We’ll be back together next month to talk about Spook Country.
Dipping the Stacks
The Long-Term Impact of Gamergate – by M L Clark
There’s something crushingly immature about the idea that all our broader political systems could have been brought low by such a tangled mess of petty resentments lurking in gaming communities, and given malevolent form through just a few online forums where most people post silly memes and watch cat videos.
Goals can drive strategy execution but only when they are aligned with strategic priorities, account for critical interdependencies across silos, and enable course corrections as circumstances change. If these conditions aren’t met, every employee could achieve their individual goals, but the organization as a whole could still fail to execute its strategy.
Are animals conscious? We’re finally realising that many species are | New Scientist
Science is at last confirming what many people have long suspected – that mammals, birds and perhaps some invertebrates have elements of consciousness
Sustainable Queer Farm in Guerneville Fighting Climate Change – Thrillist
“We created this impossible checklist of things we wanted, and we found this incredible spot in Guerneville that checked all the boxes,” explains Schwanz.
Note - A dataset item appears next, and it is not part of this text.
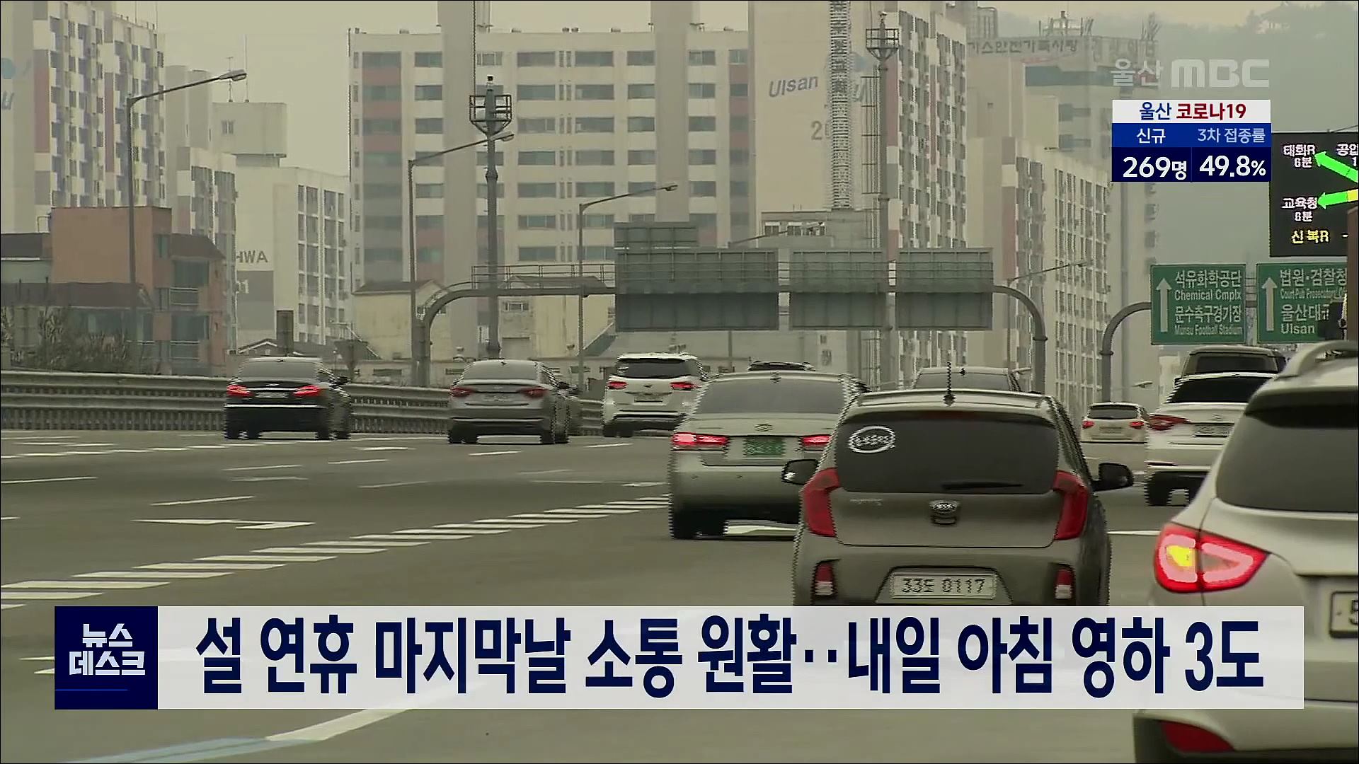 설 연휴 마지막날인 오늘(2/2) 울산지역 주요 도로는 대부분 원활한 교통 흐름을 보였습니다. 한편 6일째 건조 경보가 이어지고있는 울산지방은 오늘 한낮 최고 기온이 5.1도를 기록하였습니다. 내일은 가끔 구름 많겠고 아침 영하 3도 낮 최고 7도의 일교차 큰 날씨가 예상되니 건강관리에 각별한 주의가 필요합니다.
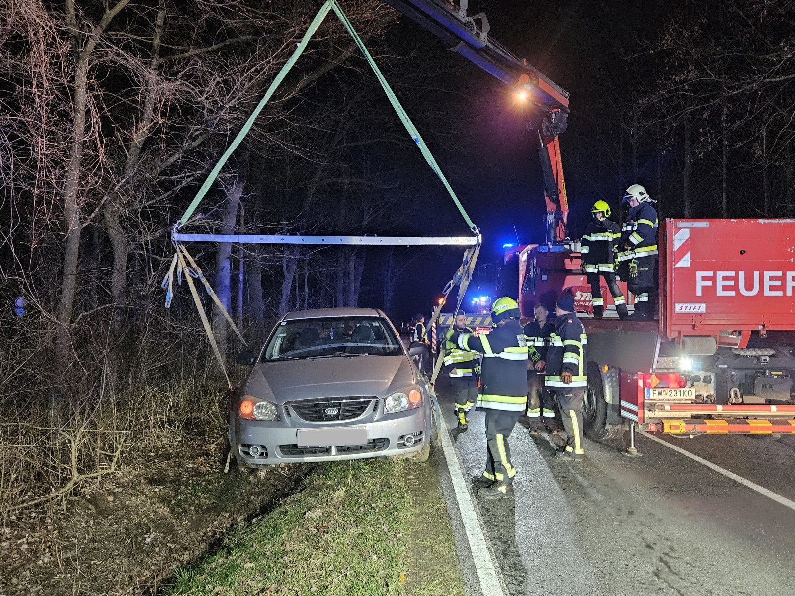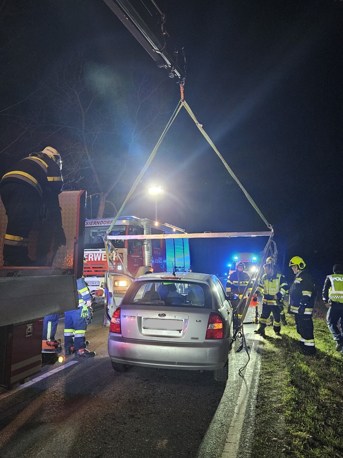 Ein PKW ist aus uns unbekannten Gründen von der Fahrbahn abgekommen und im Straßengraben zu stehen gekommen. Das Fahrzeug wurde mittels Ladekran und Bergetraverse des WLFA-K wieder auf die Straße gehoben und an einem sicheren Ort abgestellt.

The spot, a degraded piece of land once (over)used as a horse property and conveniently located in a queer town, presented a ripe opportunity to imprint their climate activism and share it with others.
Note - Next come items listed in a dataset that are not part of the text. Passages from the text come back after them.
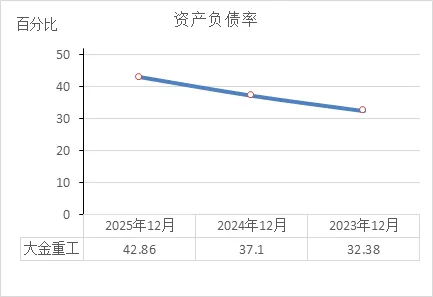 对比同行:风电设备制造行业通常资产较重,很多企业负债率在50%-60%之间。大金重工42.86%算是偏保守的水平。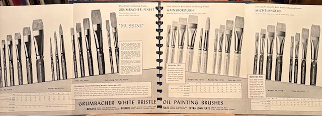 You may think I have a book on Bob Ross, that painter. I do not. But I found the book “Brushes for Art and Industry” by M. Grumbacher, Inc, published 1947.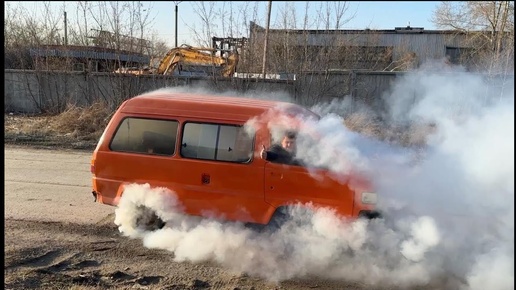 Полноценный выезд.Бусик жгет резину.Бернаут.

Electric mopeds grow in Mexico City, but regulation lags – Rest of World
Many distributors hawk electric mopeds as electric bicycles, but users like Javier García, a clothing retailer, disagree. “As an [electric] bicycle, it’s hard [to ride],” he told Rest of World. “It’s heavy, difficult, and you can’t last a kilometer” pedaling on it.
Reading
I finished reading Another England: How to Reclaim Our National Story by Caroline Lucas. It’s a really good book, an exploration – or collecting together mythic elements we might use to constitute an English identity for the 21st Century.
Still reading Dead Famous: An Unexpected History of Celebrity from Bronze Age to Silver Screen by Greg Jenner
Still reading Puppets, Gods, and Brands: Theorizing the Age of Animation from Taiwan by Teri J. Silvio
Music
Beabadoobee – This Is How Tomorrow Moves
You know what? This is album is fricking great. She played round here on Thursday launching the album so I could have gone to see her! Unfortunatly zoomers zoomed and got all the tickets – which is a same.
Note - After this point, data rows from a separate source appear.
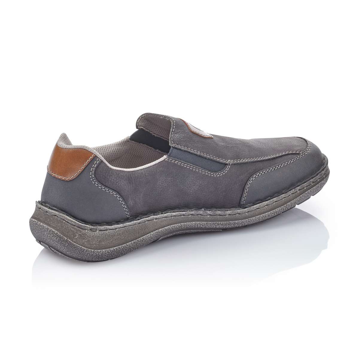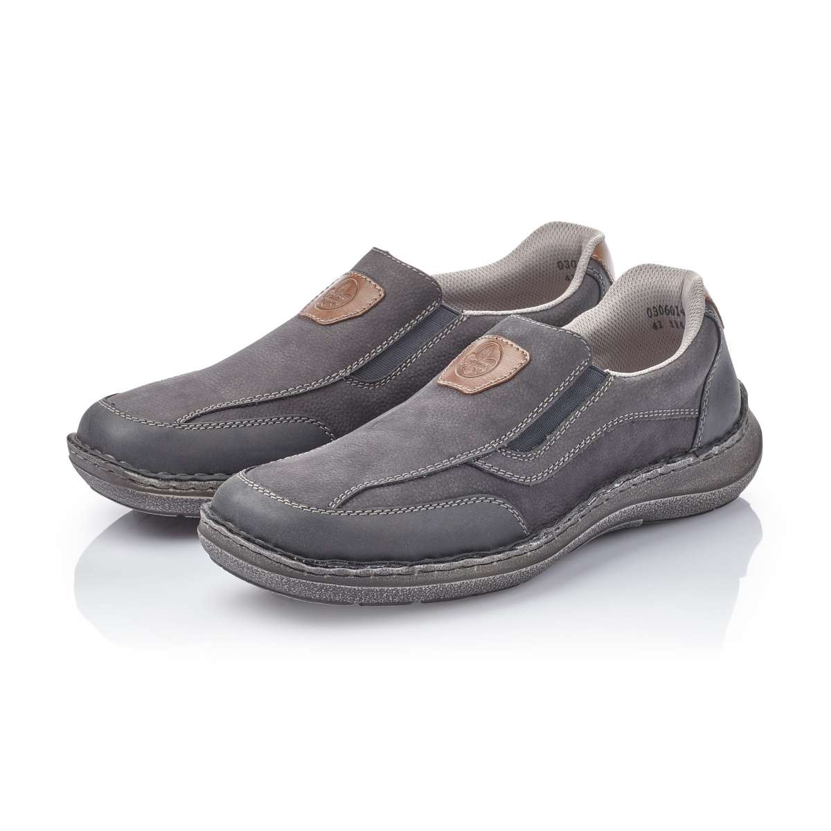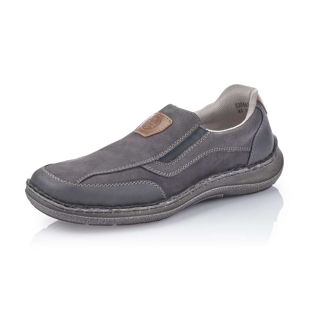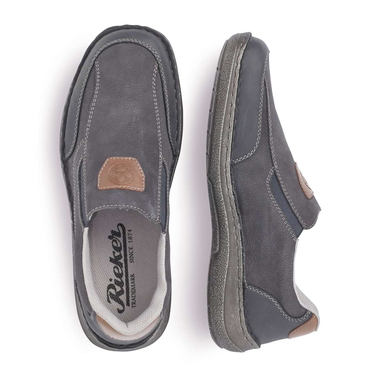 Elegantní obuv značky Rieker modré barvy je ozdobena logem značky a vyrobena z pravé kůže, což Vás jistě potěší. Tento model ocení pánové, kteří mají rádi elegantnost a zároveň se chtějí cítit pohodlně. V oblasti nártu jsou také vsazené gumičky, které usnadňují obouvání. Tato obuv perfektně podtrhne neutrální outfit do práce či do města.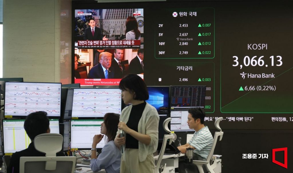 트럼프 미국대통령이 한국, 일본을 포함해 각국을 상대로 상호관세 서한을 발송하면서 무역 정책 불확실성이 커진 8일 서울 중구 하나은행 딜링룸 모니터에 코스피 지수가 표시돼 있다. 이날 코스피는 전장보다 12.27포인트(0.40%) 오른 3,071.74로 시작했다.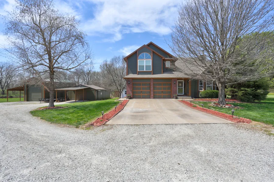 This beautifully maintained 4BR 3BA California split on 3.2 acres near schools in Raymore has it all. A wooded lot with a bridge over a meandering stream is just the beginning. Live the good life with your heated in ground pool with access from your walk out basement. Enjoy the deck overlooking the pool spanning the length of the house. Enjoy hobbies and store your toys in the outbuildings. In the winter warm yourself with the two fireplaces as you choose between your family or living room to enjoy your home.Be sure and see drone video.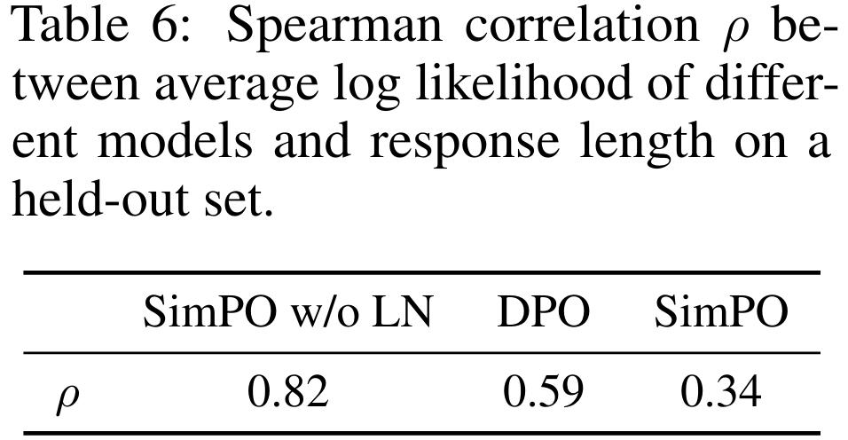 (不包含配分函数)缺乏一个用于长度归一化的显式项,但策略模型和参考模型之间的对数比可以隐式地抵消长度偏见。如表 6 与图 4a 所示,相比于没有任何长度归一化的方法(记为 SimPO w/o LN),使用 DPO 会降低平均对数似然和响应长度之间的斯皮尔曼相关系数。但是,当与 SimPO 比较时,其仍然表现出更强的正相关性。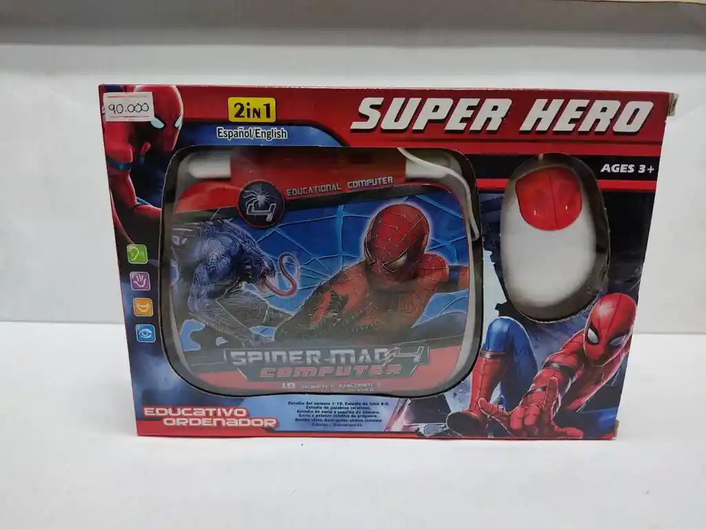 ¡Con la computadora portátil Candide Spiderman bilingüe, los niños aprenden jugando! Ordenador portátil infantil bilingüe (español / inglés) con diferentes grupos de actividades, a saber: música, letra, letra, ortografía, preguntas y respuestas, suma y división. Con la computadora portátil de Spider-Man, los niños aprenden jugando. Utiliza 3 pilas AA no incluidas. ¡Todo esto en un diseño totalmente estilizado del personaje de Spider-Man, uno de los héroes favoritos de Marvel! Caracteristicas: Material: plástico y componentes electrónicos. Color: rojo y azul. Energía: Utiliza 3 pilas AA no incluidas. Bilingüe. Idioma ingles español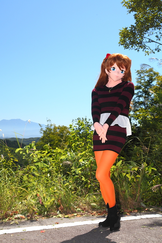 アスカの背後にある台形状の山は木曽御嶽山・標高3067m、日本で第14番目の高い山です。

Beabadoobee is everywhere right now, bringing guitars to play during brat summer. Ever Seen is my fav song on the album. I love the organ/synth lines and the plucked steels all the way though.
Rick Ruben did a great interview with her going though the album track by track if this is your sort of thing:
Remember Kids:
The essence of my case is this: given the fast pace of modern life, most of us tend to react too quickly. We don’t, or can’t, take enough time to think about the increasingly complex timing challenges we face. Technology surrounds us, speeding us up. We feel its crush every day, both at work and at home. Yet the best time managers are comfortable pausing for as long as necessary before they act, even in the face of the most pressing decisions. Some seem to slow down time. For good decision-makers, time is more flexible than a metronome or atomic clock.